------ Records for the task

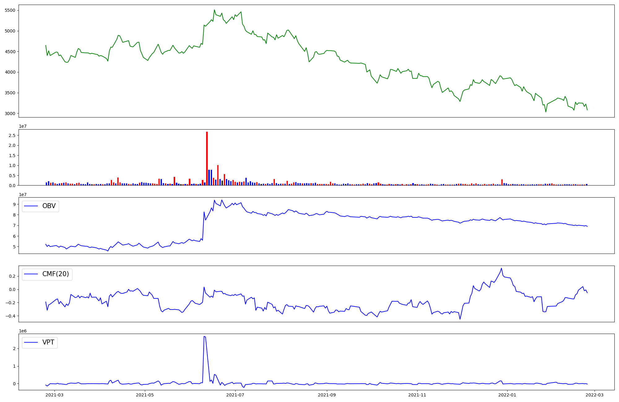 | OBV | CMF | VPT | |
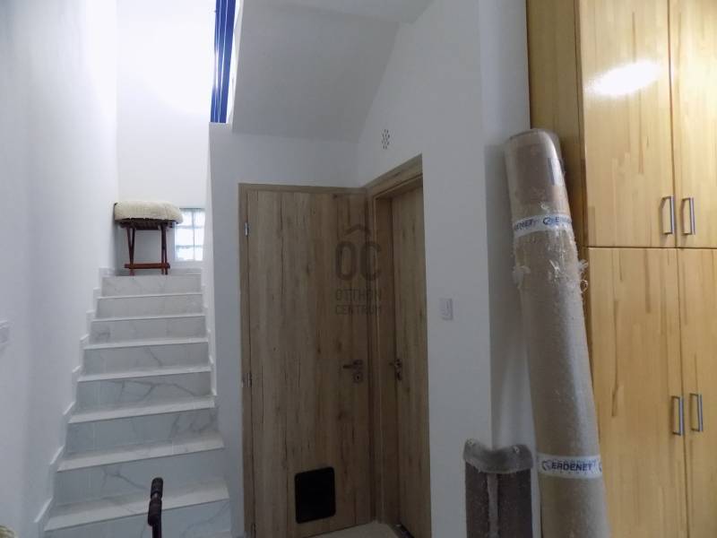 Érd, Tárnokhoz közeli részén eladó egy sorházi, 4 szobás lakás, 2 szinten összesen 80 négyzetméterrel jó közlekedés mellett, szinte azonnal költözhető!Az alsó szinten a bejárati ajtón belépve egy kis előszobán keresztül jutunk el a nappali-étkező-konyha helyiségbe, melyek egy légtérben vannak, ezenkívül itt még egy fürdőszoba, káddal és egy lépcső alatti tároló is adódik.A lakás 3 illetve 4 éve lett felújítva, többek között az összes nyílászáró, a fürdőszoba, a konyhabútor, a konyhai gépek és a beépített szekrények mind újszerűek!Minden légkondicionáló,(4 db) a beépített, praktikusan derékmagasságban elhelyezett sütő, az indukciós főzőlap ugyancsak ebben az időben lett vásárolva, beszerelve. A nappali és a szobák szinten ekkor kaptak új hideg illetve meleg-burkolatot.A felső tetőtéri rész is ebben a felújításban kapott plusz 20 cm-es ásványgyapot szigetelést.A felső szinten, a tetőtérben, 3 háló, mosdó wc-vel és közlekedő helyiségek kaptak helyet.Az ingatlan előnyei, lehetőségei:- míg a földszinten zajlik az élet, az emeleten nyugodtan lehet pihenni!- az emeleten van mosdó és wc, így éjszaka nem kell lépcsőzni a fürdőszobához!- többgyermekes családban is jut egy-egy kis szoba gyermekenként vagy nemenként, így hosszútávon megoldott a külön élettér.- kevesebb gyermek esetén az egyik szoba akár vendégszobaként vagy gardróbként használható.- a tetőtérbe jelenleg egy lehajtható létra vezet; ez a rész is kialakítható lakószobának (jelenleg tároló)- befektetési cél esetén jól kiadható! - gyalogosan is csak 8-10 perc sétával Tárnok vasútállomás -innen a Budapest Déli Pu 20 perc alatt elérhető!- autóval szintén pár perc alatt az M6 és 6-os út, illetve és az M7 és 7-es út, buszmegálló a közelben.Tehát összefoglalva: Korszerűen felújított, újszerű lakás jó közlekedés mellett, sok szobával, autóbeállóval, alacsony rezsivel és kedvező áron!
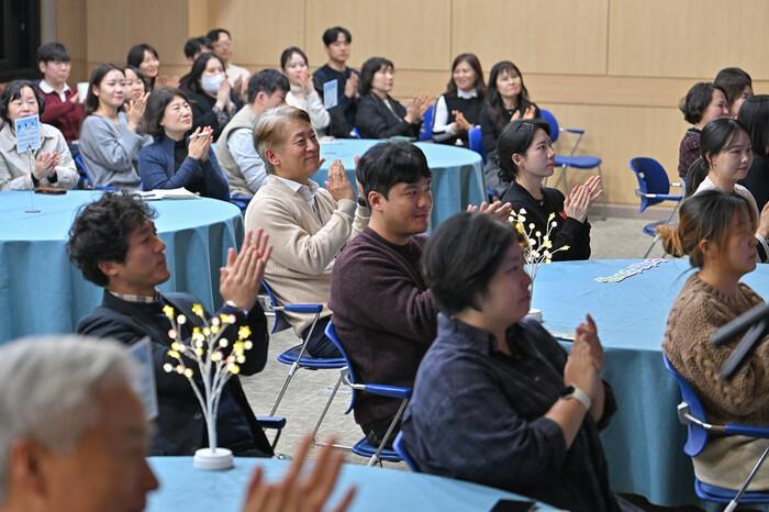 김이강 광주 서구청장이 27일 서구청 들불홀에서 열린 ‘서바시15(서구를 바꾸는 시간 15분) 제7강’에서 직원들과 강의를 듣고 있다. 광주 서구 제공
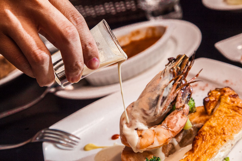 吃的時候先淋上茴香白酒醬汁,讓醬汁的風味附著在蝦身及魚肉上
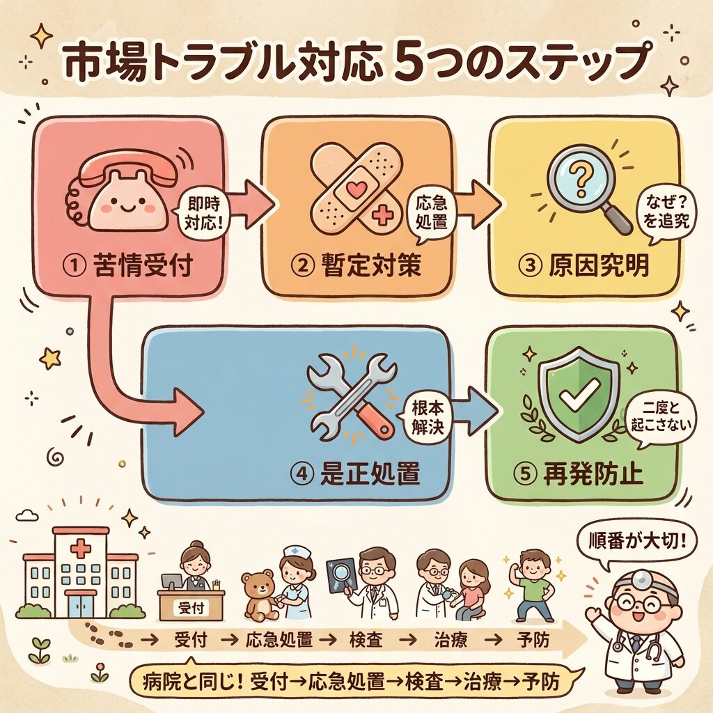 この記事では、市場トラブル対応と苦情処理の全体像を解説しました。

------------

**Instructions for the task**
Starting at the line that contains "吃的時候先淋上茴香白酒醬汁,讓醬汁的風味附著在蝦身及魚肉上", please write out each line through the last line of the data, both ends included, and keep pictures out of the copy.

**Response area**
 吃的時候先淋上茴香白酒醬汁,讓醬汁的風味附著在蝦身及魚肉上
 この記事では、市場トラブル対応と苦情処理の全体像を解説しました。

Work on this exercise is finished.